An enormous factor here is the cult of speed. This mantra — performance above all — has touched every generation of programmers. The zero-overhead zealots, the minimal-runtime purists, these camps are not only present, they are crowd out every other perspective. It's not that their arguments are entirely unfounded. Language choice does have a causal effect on application performance. The issue is that these voices drown out all others.

The root of the problem is measurement. Speed is one of the few dimensions of software that is trivially quantifiable, so it becomes the yardstick for everything. This is textbook McNamara Fallacy[1]: what is easy to measure becomes what is measured, and what is not easily measured is erased from the calculus. See developer velocity, cognitive overhead, maintainability, and joy. It's the same fallacy that McNamara made in Vietnam and Rumsfield made in the War on Terror so at least they're in good company.

This singular focus distorts decisions around language choice, especially among the inexperienced, who haven't yet learned to recognize trade-offs or to value the intangibles software process. Like you said, humans are irrational, but this is one particularly spectacular dimension of that irrationality.

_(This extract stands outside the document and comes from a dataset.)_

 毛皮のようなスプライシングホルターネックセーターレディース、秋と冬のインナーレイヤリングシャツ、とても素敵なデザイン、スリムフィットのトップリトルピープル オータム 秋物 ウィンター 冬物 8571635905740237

1. https://en.wikipedia.org/wiki/McNamara_fallacy

> performance above all — has touched every generation of programmers

I find it hard to reconcile this with the actual observed trend of all software getting slower and more memory intensive over time

My observation from internal C projects I’ve worked with is that they often end up doing the wrong thing very fast, because the right thing is so hard to express in C. If you do the wrong thing ten million times, it can start to approximate the right thing. The best of all worlds is using a low level language for speed and a high level language for dealing with complexity. I very much doubt there’s one right language for everything.
You can simply scroll down in this very comments section to find folks arguing about the performance characteristics of various languages in the context of making claims about their benefits. Res ipsa loquitur
That's simple indeed, but also simply wrong. Reality of actually written apps is a way more important factor than such comments, and in that reality the cult of performance is tiny, not crowding out everything else
> An enormous factor here is the cult of speed.

Application performance is a very important factor. To ignore it is foolish.

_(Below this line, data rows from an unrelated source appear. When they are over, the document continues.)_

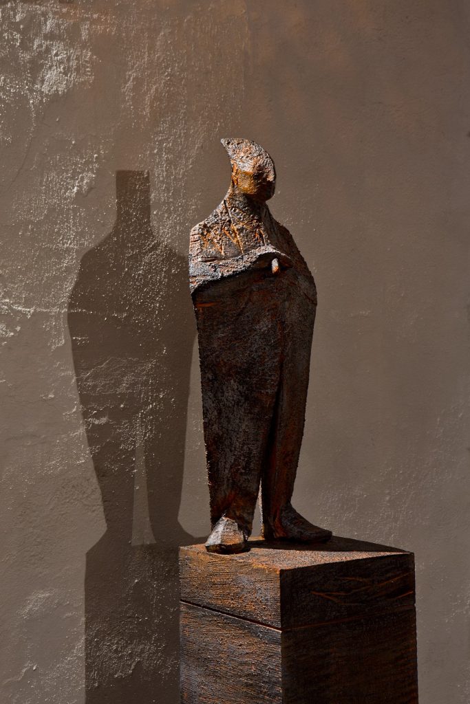 Esistono sculture razionali, che prendono l’osservatore dal punto di vista logico, analitico sulle forme, sui materiali utilizzati, sull’immagine in sé, conquistandolo sul lato estetico, e poi esistono quelle particolari forme espressive che catturano immediatamente l’emotività, la parte più morbida che affonda le sue radici nell’interiorità più profonda, a volte nascosta ma che non chiede altro che di potersi liberare ed emergere. È questo l’effetto che provocano le sculture di Wilhelm Senoner, nato a Ortisei in Val Gardena e che di quella terra prende il contatto con la natura e lo trasforma in mezzo comunicativo; le sue opere sono realizzate in bronzo ma per la maggior parte in legno di tiglio dipinto con colori acrilici e terre, con la particolare caratteristica che l’artista, prima di procedere alla fase della tinta. raccoglie i trucioli del legno generati dalla levigatura e li incolla per dare ruvidità e viscosità alle forme rappresentate.
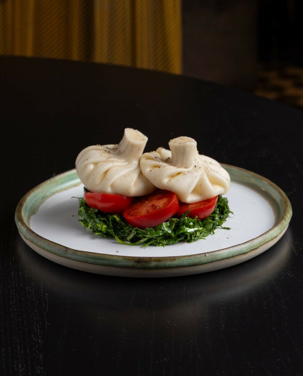 Хинкали с постным сыром на карпаччо из томатов и зелени
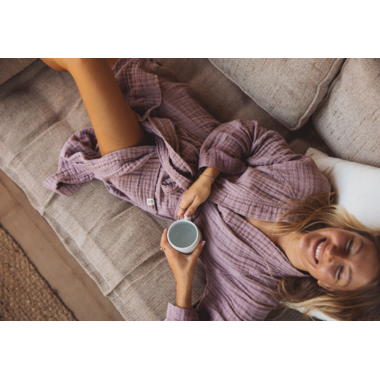 Get down with Gauze. This new featherweight gauzy woven robe is the perfect lofty layer to cozy up to all year round. This super soft, highly absorbent, breathable weave breaks into a beautiful texture after wearing & washing. Happy Place designed this unisex style with a raglan style sleeve so you never feel a seam and two large patch pockets to store your lounging essentials.
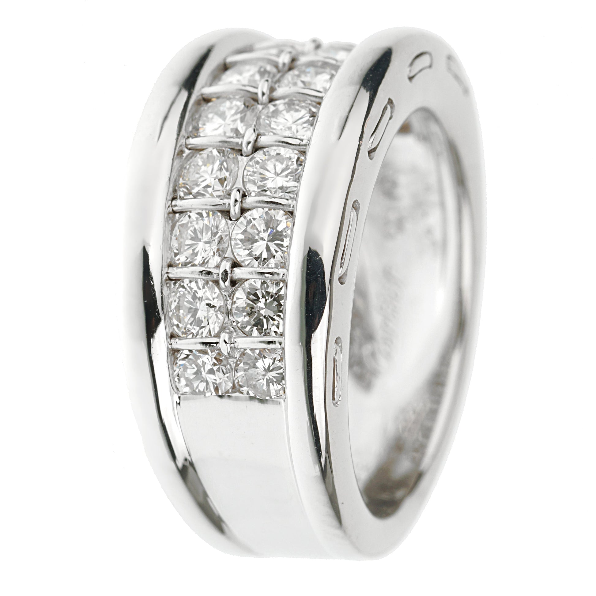 Expertly crafted from 18k white gold, the Cartier Vintage Diamond Band Ring is designed to capture the essence of sophistication and grace. The ring boasts a lustrous, polished finish that enhances the beauty of the gemstones and highlights the intricate details of the weave motif.
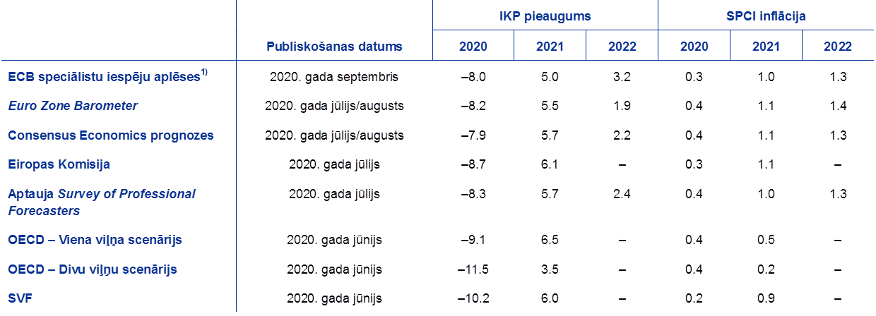 Avoti: MJEconomics for the Euro Zone Barometer, 2020. gada 17. augusts, 2022. gada dati ņemti no 2020. gada jūlija apsekojuma; Consensus Economics prognozes, 2020. gada 14. augusts, 2022. gada dati ņemti no 2020. gada jūlija apsekojuma; Eiropas Komisijas pagaidu prognozes, 2020. gada vasara; ECB aptauja Survey of Professional Forecasters, 2020. gada 3. ceturksnis, aptauja veikta laikā no 2020. gada 30. jūnija līdz 6. jūlijam; OECD Tautsaimniecības perspektīvas Nr. 107, 2020. gada jūnijs. Divu viļņu scenārijs apzīmē scenāriju, kurā 2020. gada 4. ceturksnī notiek otrs, mazāk intensīvs vīrusa uzliesmojums, bet viena viļņa scenārijā ierobežojošie pasākumi veiksmīgi apslāpē pašreizējo uzliesmojumu. Tabula ietver abus scenārijus, jo OECD abiem piemēro vienādu svērumu, nodefinējot vienu bāzes scenāriju; SVF Pasaules tautsaimniecības perspektīva, 2020. gada 24. jūnijs.

Help me understand how this went from "There are factors other than speed that are important too" to "ignore speed." Would different phrasing conveyed the idea more effectively?
Pascal has subrange integer types. I'm wondering if any other language besides family relatives Ada or Delphi has this, apart from dependent type systems like Idris[0] or an explicit Haskell type like Data.Range.[1]

0. https://stackoverflow.com/questions/28426191/how-to-specify-...

1. https://hackage.haskell.org/package/range-0.3.0.2/docs/Data-...

rust has this to some extent (also enums can be seen as an evolution of this for some use cases)
And it's quite possible it will get a fully equivalent thing someday, we'll see.
I am the only one on HN that brings up Ada because I think it deserve some credit. But then it seems there are a lot of hate towards Pascal style syntax.
I bring it up all the time. :P
"table stakes" does not mean "guaranteed to succeed," so it's no surprise that some memory safe languages have died.
"You can give someone a perfect programming language that produces bug-free programs, and they'll reject it because it uses curly-braces or some shit."

Ada does not have curly braces.

Stephen Bourne, author of the Bourne shell, used macros to make C memory unsafe language look like Algo 68 memory safe language.